:: Task objective ::
Nothing but the lines below, from the first through the line containing "6、登录大白菜装机版pe系统", should be set down, each one exactly and without pictures.

:: Data ::
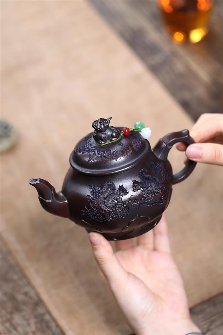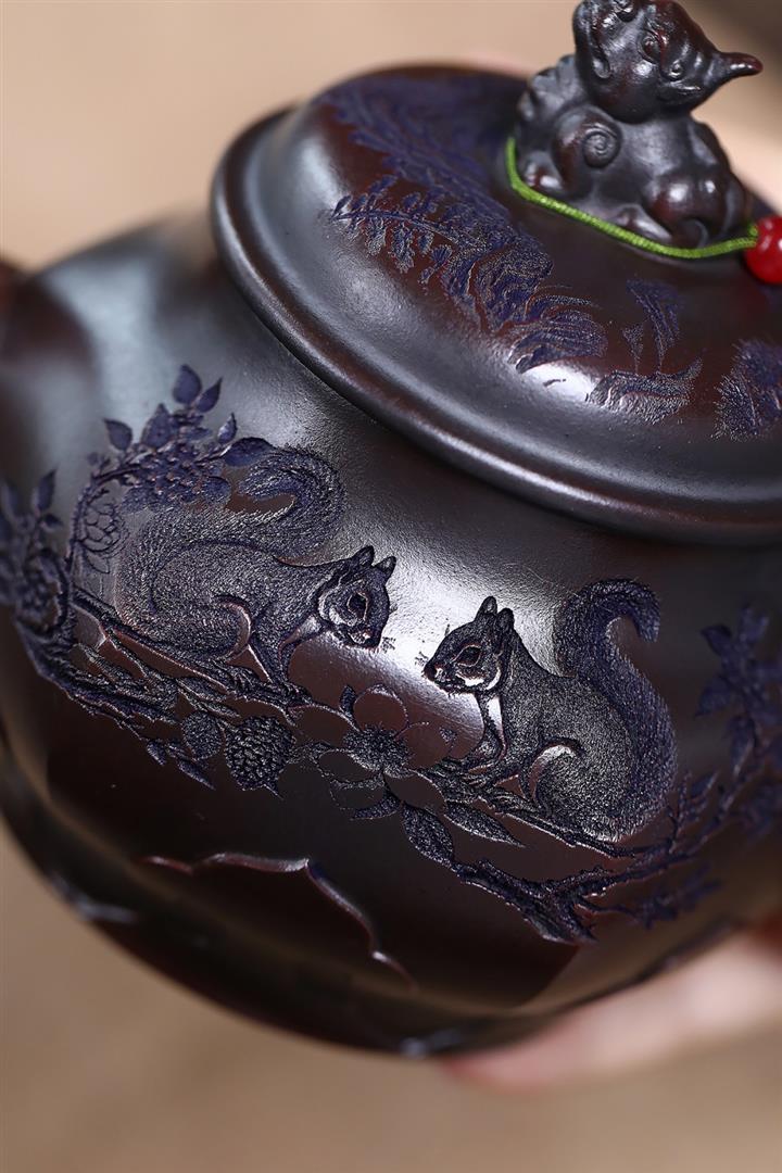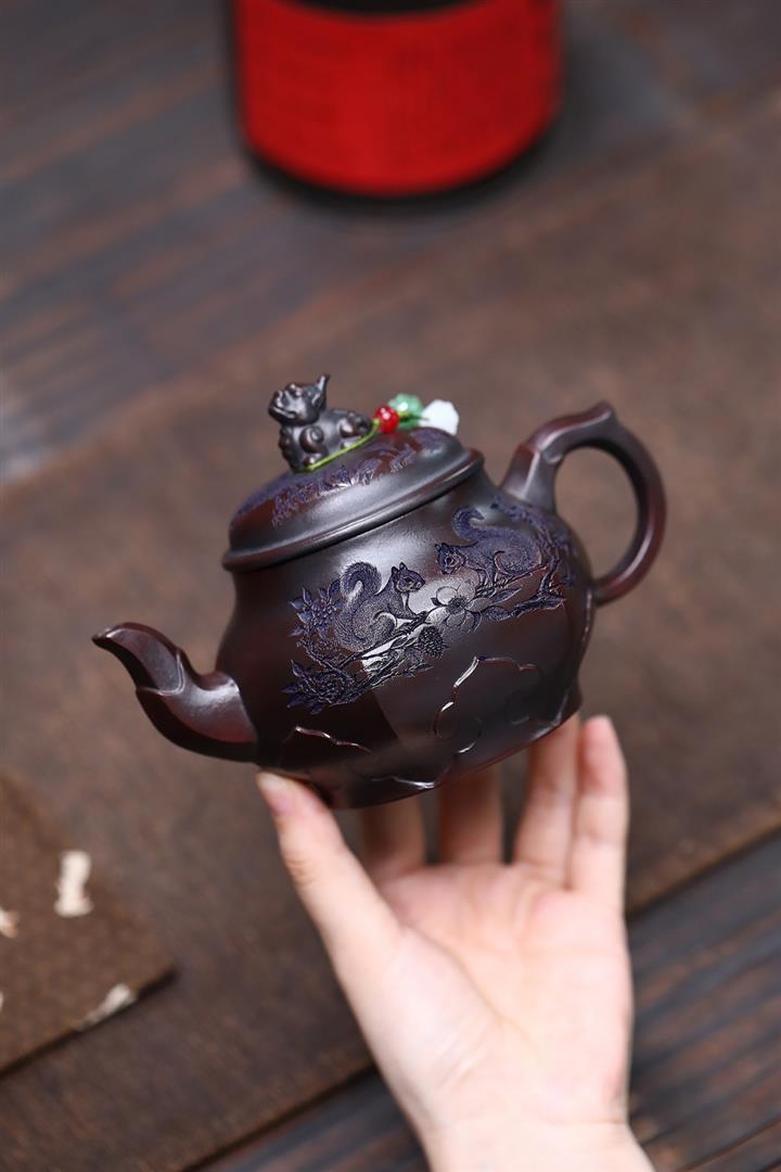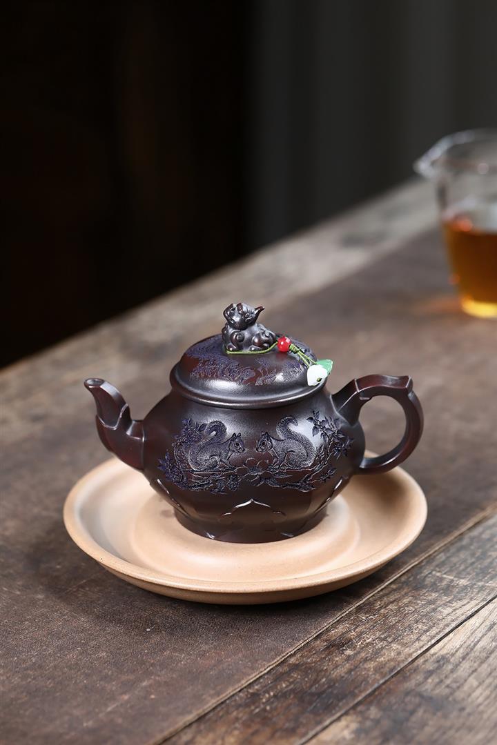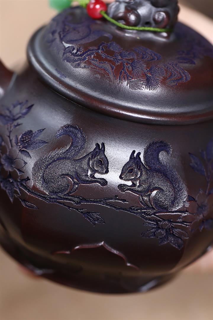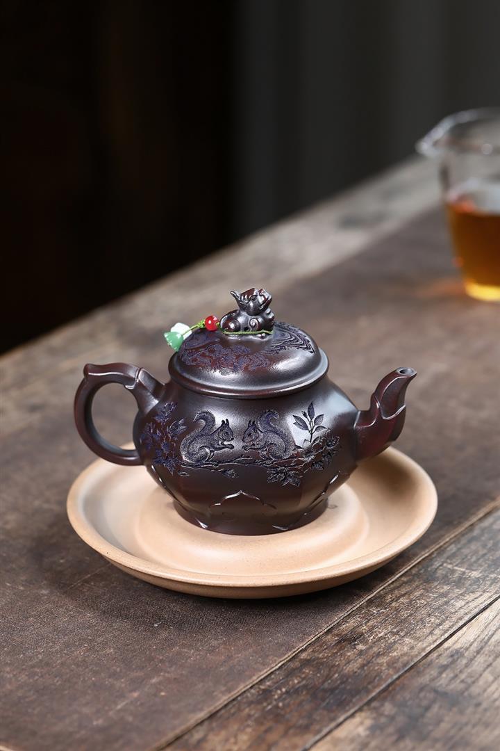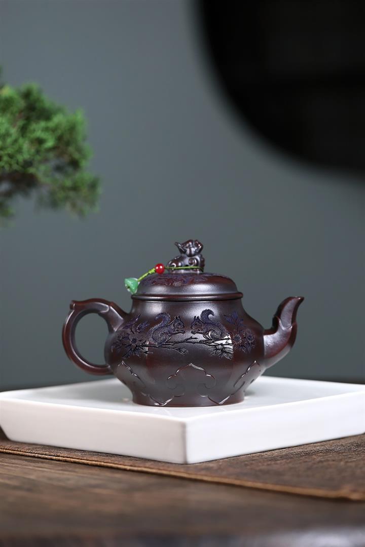 原礦紫泥松鼠葡萄紫砂壺POT5135
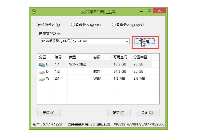 6、登录大白菜装机版pe系统桌面,系统会自动弹出大白菜PE装机工具窗口,点击“浏览(B)”进入下一步操作。如下图所示
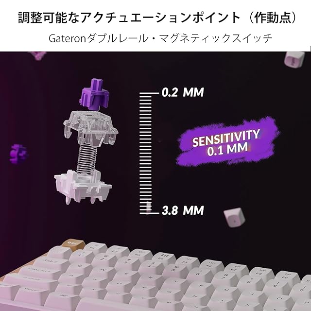 【Gateronダブルレール・マグネティックスイッチ】 Keychron K2 HEは、あらかじめ潤滑処理されたGateron製ダブルレール・マグネティックスイッチを搭載し、業界トップクラスの超高速レスポンスと精確な操作性を実現。比類なき滑らかさと安定感で、究極のタイピング体験をお楽しみください。あらかじめ潤滑されたGateron ダブルレールマグネティックスイッチを搭載。 ホットスワップ対応で、0.1mm単位の感度調整が可能。 0.2mm〜3.8mmの範囲でアクチュエーションのカスタマイズが可能。(Gateronダブルレールマグネティックスイッチ専用)
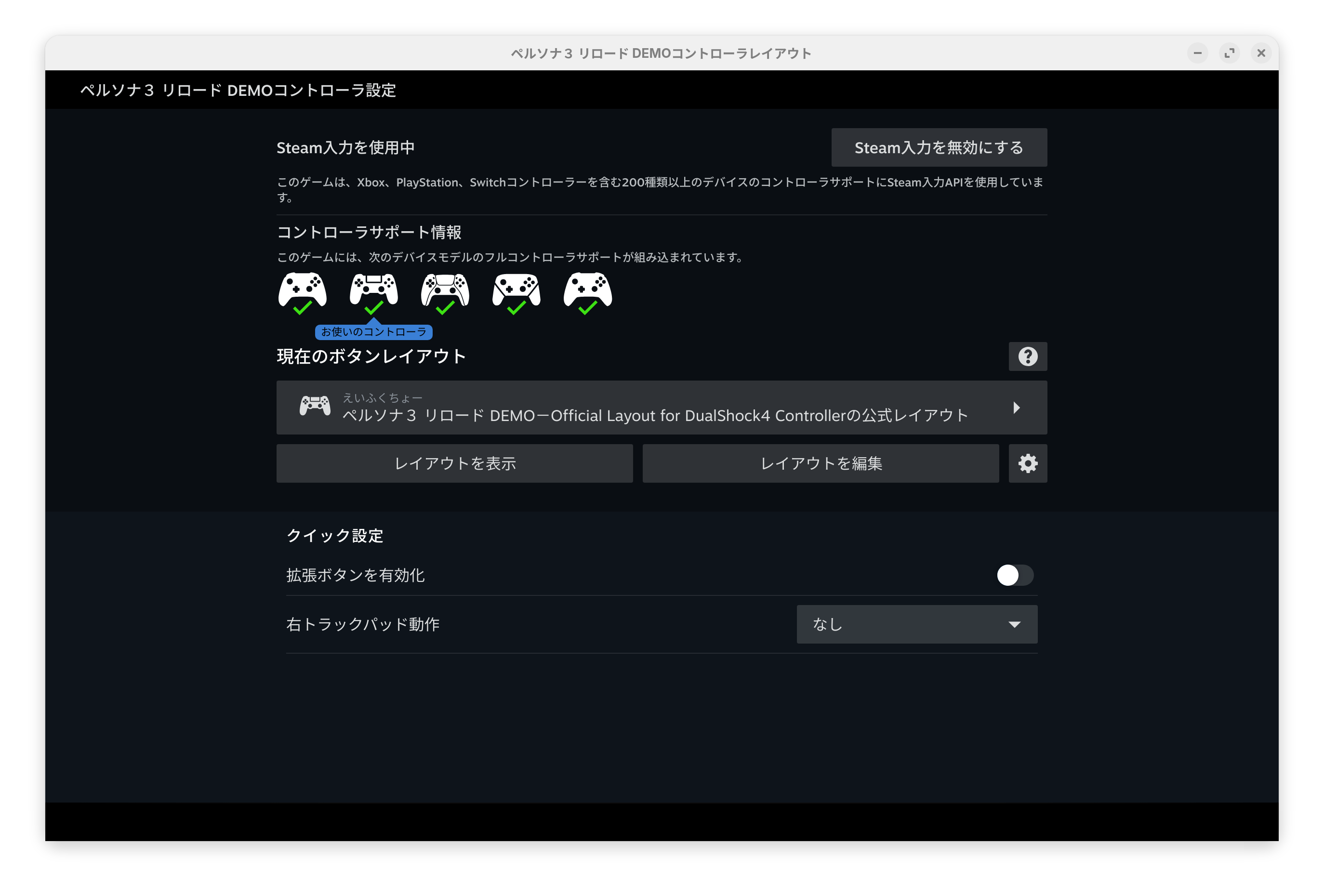Steamのコントローラー設定で「Steam入力を有効にする」と、なぜかゲーム上で外部コントローラーの操作を受け付けなくなる、という不可解な現象が発生しました。

:: Answer ::
 原礦紫泥松鼠葡萄紫砂壺POT5135
 6、登录大白菜装机版pe系统桌面,系统会自动弹出大白菜PE装机工具窗口,点击“浏览(B)”进入下一步操作。如下图所示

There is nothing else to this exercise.